Reputation: 327
I have a data frame that looks like the following:
tibble(term = c(
rep("a:b", 2),
rep("b:a", 2),
rep("c:d", 2),
rep("d:c", 2),
rep("g:h", 2),
rep("h:g", 2)
))
I would like to add an extra column in this data frame that takes on the same value for any pair that have the same characters but reversed and separated by a ":" (i.e. a:b and b:a would be codded the same way; similar for c:d and d:c and all the other pairs).
I thought of something like the following:
%>%
mutate(term_adjusted = case_when(grepl("a:b|b:a", term) ~ "a:b"))

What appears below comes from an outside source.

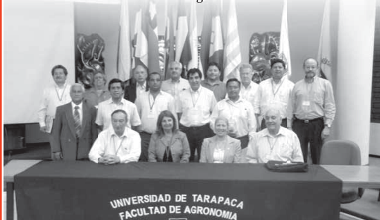
Decanos del Mercosur, Chile y Bolivia reunidos para la sesión de fotos

La XII Reunión de Decanos tuvo como propósito evaluar los logros alcanzados hasta la fecha, analizar las perspectivas de la innovación y la formación de recursos humanos para el sector agropecuario y definir líneas de acción conjunta para el futuro de esta instancia académica del agro regional.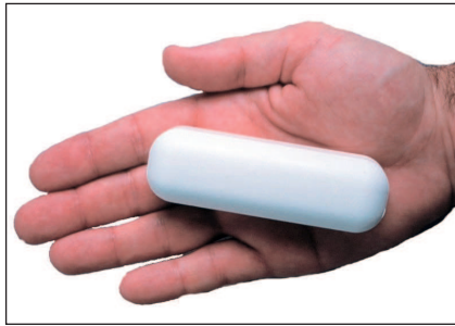
Abb. 1 Ca-PILL® „biologische“ Kalziumpille

Die Befunde wurden zunächst mit Hilfe des natürlichen Logarithmus umgeformt, um sie einer Normalverteilung anzunähern. Die Beschreibung der Befunde (deskriptive Statistik) erfolgte durch geometrische Mittelwerte und Standardfehler (8) für Fall- und Kontrollgruppe. Danach wurde mittels Varianzanalyse (9) geprüft, inwiefern sich Fall- und Kontrollgruppe unterschieden (induktive Statis-

but I have a large number of these pairs in my dataset and would like a way to automate that, hence my question:
How can I do this operation automatically without having to hard code for each pair separately?
Thank you!
Upvotes: 1
Views: 64
Reputation: 388982
tidyverse
option -
library(dplyr)
library(tidyr)
df %>%
separate(term, c('term1', 'term2'), sep = ':', remove = FALSE) %>%
mutate(col1 = pmin(term1, term2), col2 = pmax(term1, term2)) %>%
unite(result, col1, col2, sep = ':') %>%
select(term, result)
# term result
# <chr> <chr>
# 1 a:b a:b
# 2 a:b a:b
# 3 b:a a:b
# 4 b:a a:b
# 5 c:d c:d
# 6 c:d c:d
# 7 d:c c:d
# 8 d:c c:d
# 9 g:h g:h
#10 g:h g:h
#11 h:g g:h
#12 h:g g:h
Upvotes: 1
Reputation: 2626
How about:
libary(dplyr)
your_data %>%
mutate(term_adjusted = term %>%
strsplit(":") %>%
purrr::map_chr(~ .x %>%
sort() %>%
paste(collapse = ":")))
Base R option
your_data$term_adjusted <- your_data$term |>
strsplit(":") |>
lapply(sort) |>
lapply(paste, collapse = ":") |>
unlist()
Either returns:
# A tibble: 12 x 2
term term_adjusted
<chr> <chr>
1 a:b a:b
2 a:b a:b
3 b:a a:b
4 b:a a:b
5 c:d c:d
6 c:d c:d
7 d:c c:d
8 d:c c:d
9 g:h g:h
10 g:h g:h
11 h:g g:h
12 h:g g:h
Upvotes: 3